To this end, the Manhattan Chamber of Commerce launched a targeted digital outreach campaign earlier this month, as a final push to maximize the number of businesses applying for PPP loans across New York City.
The chamber is also helping businesses with the application process. Through the Small Business Resource Network (SBRN), of which the chamber is a service partner, businesses in New York City can receive free help with the following matters:
- determining if a PPP loan is right for them;
- getting connected with potential lenders;
- completing the application; and,
- navigating the process to achieve loan forgiveness, if applicable.
According to the chamber, as of April 2, 2021, the SBRN had directly helped 480 small businesses with PPP loan applications, about half of which were based in Manhattan and half elsewhere. Learn more about the SBRN at www.smallbiz.nyc.
The Bronx Chamber of Commerce, the Jerome Gun Hill BID, and many other BIDs across the Bronx are available to support Bronx-based businesses with their PPP applications. Click here to access the Bronx Chamber of Commerce, and here to access the Jerome Gun Hill BID.
On Thursday, April 22, as reported by Norwood News, the SBA announced that it will provide $5 billion in additional Economic Injury Disaster Loan (EIDL) assistance to one million small businesses and nonprofit organizations that have been most severely impacted by the economic effects of the COVID-19 pandemic. The additional loans fall under the Supplemental Targeted Advance loan program, the latest SBA relief program to launch as part of the American Rescue Plan Act on March 11, 2021.
Other relief is available to restaurants and similar businesses via the Restaurant Revitalization Fund (RRF). This program is open to the following entities which have experienced pandemic-related revenue loss:
- Restaurants
- Food stands, food trucks, food carts
- Caterers
- Bars, saloons, lounges, taverns
- Snack and nonalcoholic beverage bars
- Bakeries (onsite sales to the public comprise at least 33% of gross receipts)
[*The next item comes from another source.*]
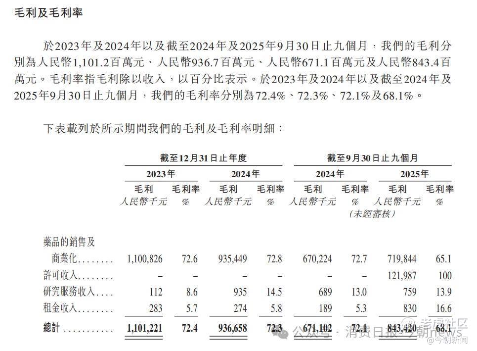 毛利率的逐年下滑进一步加剧盈利压力,2023-2025年前三季度公司毛利率分别为72.4%、72.3%、68.1%,连续两年下降。

- Brewpubs, tasting rooms, taprooms (onsite sales to the public comprise at least 33% of gross receipts)
- Breweries and/or microbreweries (onsite sales to the public comprise at least 33% of gross receipts)
- Wineries and distilleries (onsite sales to the public comprise at least 33% of gross receipts)
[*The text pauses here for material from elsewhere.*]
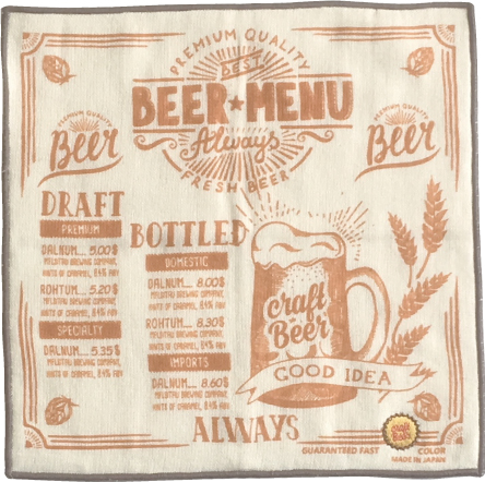 ガーゼ、綿基布、パイルの3層構造のタオルハンカチ。糸に撚りをかけていない無撚糸パイルを使用しているので、ふっくらと柔らかな肌触りが気持ちよく、吸水性と保湿にも優れています。裏面は無撚糸パイルです。手書き風のビールメニューのイラスト、ビール瓶のフタの刺繍入り。

- Inns (onsite sales of food and beverage to the public comprise at least 33% of gross receipts)
- Licensed facilities or premises of a beverage alcohol producer where the public may taste, sample, or purchase products
The SBA is hosting a briefing on Wednesday, April 28, at 10 a.m., via ZOOM, on the RRF application process, the Payment Protection Program application changes, PPP forgiveness, as well as updated information on the Economic Injury Disaster Loan (EIDL) increase and EIDL advance.
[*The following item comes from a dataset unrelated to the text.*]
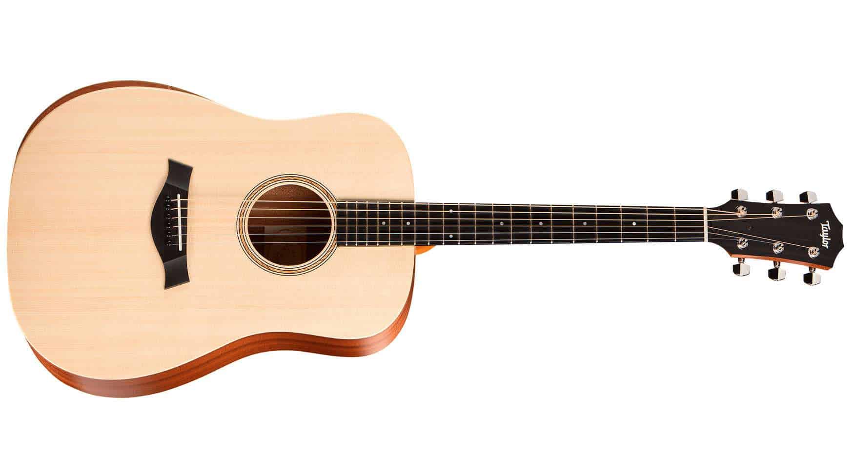 Steel-string guitar without electronics. Dreadnought body shape, solid sitka spruce top, Academy series bracing, sapele plywood back & sides, sapele neck, ebony fredboard and bridge, dot fretboard inlays, 20 frets, scale: 632 mm, nut width: 42.8 mm, micarta bridge. Colour: Natural. Incl. Taylor gig bag.

Finally, Norwood News also recently reported that SBA has enhanced the process of applying for economic relief for operators of live venues, live performing arts organizations, museums and movie theaters, as well as live venue promoters, theatrical producers and talent representatives. The agency relaunched its Shuttered Venue Operators Grant application portal (SVOG) on Saturday, April 24, following the resolution of some technical issues encountered during its initial launch on April 8.